Andy Roddick: l’ultimo in corsa
Introdotto quest’anno nella Hall of Fame del tennis (qui le sue bellissime dichiarazioni nel corso della cerimonia): vincitore di uno US Open, tre volte finalista a Wimbledon, tennisticamente viene ricordato più per il suo rovescio volubile che non per le sue vittorie, il suo servizio deflagrante e il suo dritto incisivo (un po’ perso nel corso degli anni), marchi tipici dei giocatori americani. Inoltre paga la “colpa” di proseguire degnamente la tradizione americana, reduce dal periodo d’oro di Sampras, Agassi e Courier.
Fortunatamente la sua brillantezza nelle interviste ha affievolito la gogna al quale ingiustamente il povero A-Rod è stato sottoposto. Per il migliore dei contrappassi danteschi, però, adesso gli americani, privi di un giocatore di primo piano, rimpiangono Andy, con tutto il suo rovescio atrofico.
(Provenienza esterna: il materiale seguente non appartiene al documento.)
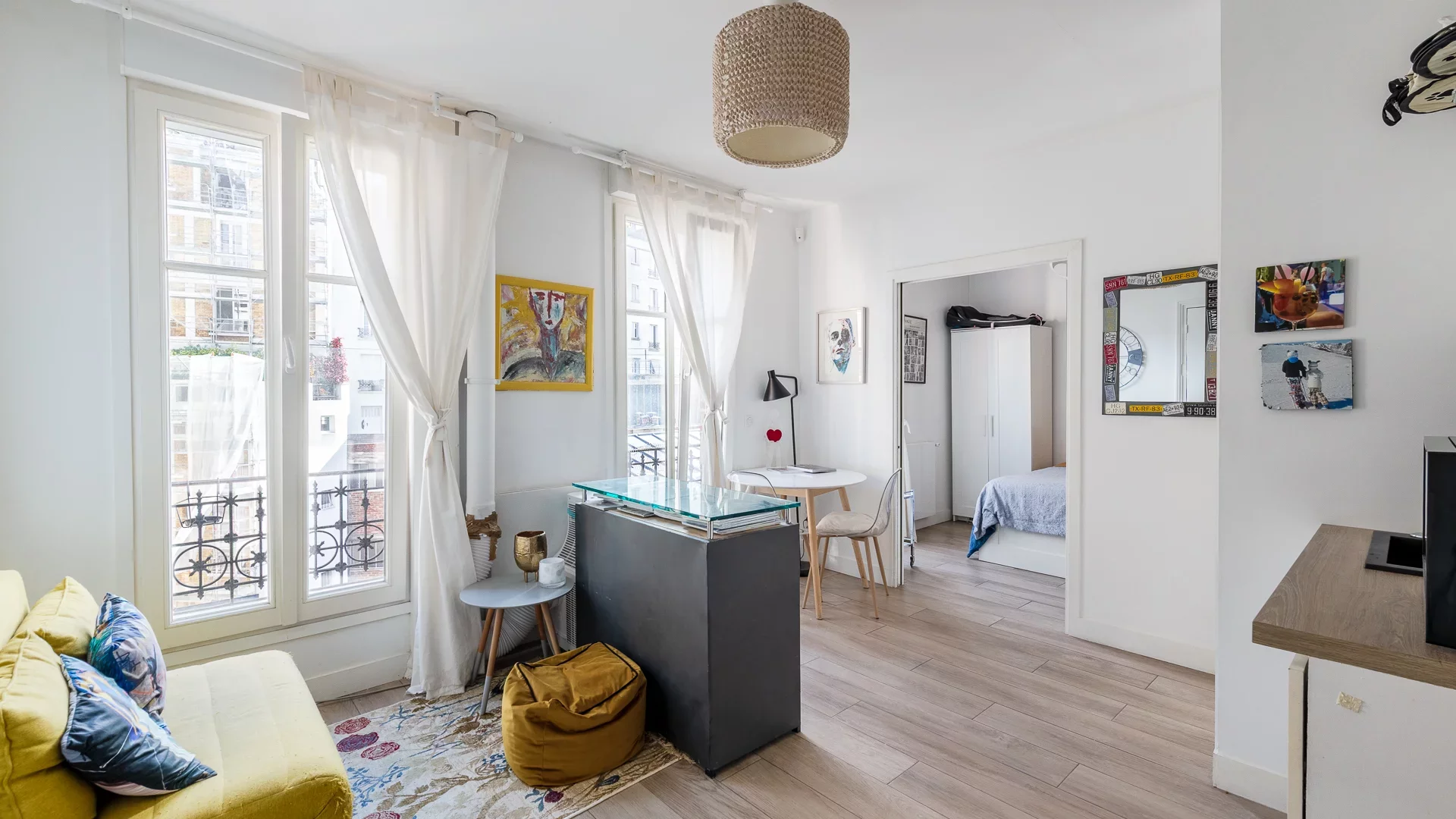Au cœur du quartier prisé de Montmartre, à deux pas des commerces et des transports et de l'avenue Junot, magnifique duplex au sein d'un immeuble bien entretenu.

Fortunatamente non tutti questi giocatori sono stati travolti dall’ondata di snobismo dei piccoli ribelli dell’interregno.
Marat Safin, tra i più grandi talenti del nuovo millennio
Marat Safin (di cui abbiamo già parlato) è riconosciuto come uno dei più grandi talenti del nuovo millennio e mai del tutto sbocciato, nonostante due Slam e la vetta della classifica mondiale. Gli piaceva il tennis, meno allenarsi e rinunciare ad altri piaceri della vita. Quando però il russo era concentrato sul campo, non temeva nessuno, neanche Federer, sconfitto in una storica semifinale agli Australian Open del 2005 (torneo poi vinto ai danni del bistrattato Hewitt). Eppure come ha avuto modo di dire lo stesso Marat:
Sapete quante volte alla settimana mi sento ripetere: “Avresti dovuto vincere di più”? Ma io me frego. Sono stato numero uno del mondo, fra i top-5 per cinque anni, ho vinto due Slam, due Coppe Davis. Se avessi avuto una testa diversa forse non ci sarei mai riuscito.”
Anche per Safin, inoltre, persiste l’attenuante degli infortuni, un motivo che non torna per caso, ma è figlio di anni in cui la preparazione fisica stava facendo il salto di qualità definitivo che ha introdotto l’atletismo estremo che contraddistingue i tennisti attuali ma non era ancora stata perfezionata, esponendo gli atleti ad incidenti di percorso e valutazioni errate.
Dodici minuti di highlights sono anche pochi, fidatevi
Riflessioni finali su Haas la sua generazione
Con il ritiro di Haas, dunque, il tennis archivia questa generazione di giocatori del quale si preferisce sottolineare il non essere fuoriclasse assoluti piuttosto che evidenziarne il contributo apportato al tennis, assolutamente minore rispetto a quello dei vari Sampras, Nadal e Federer (loro coetaneo anagraficamente ma non storicamente). Ma, comunque, non per questo poco dignitoso.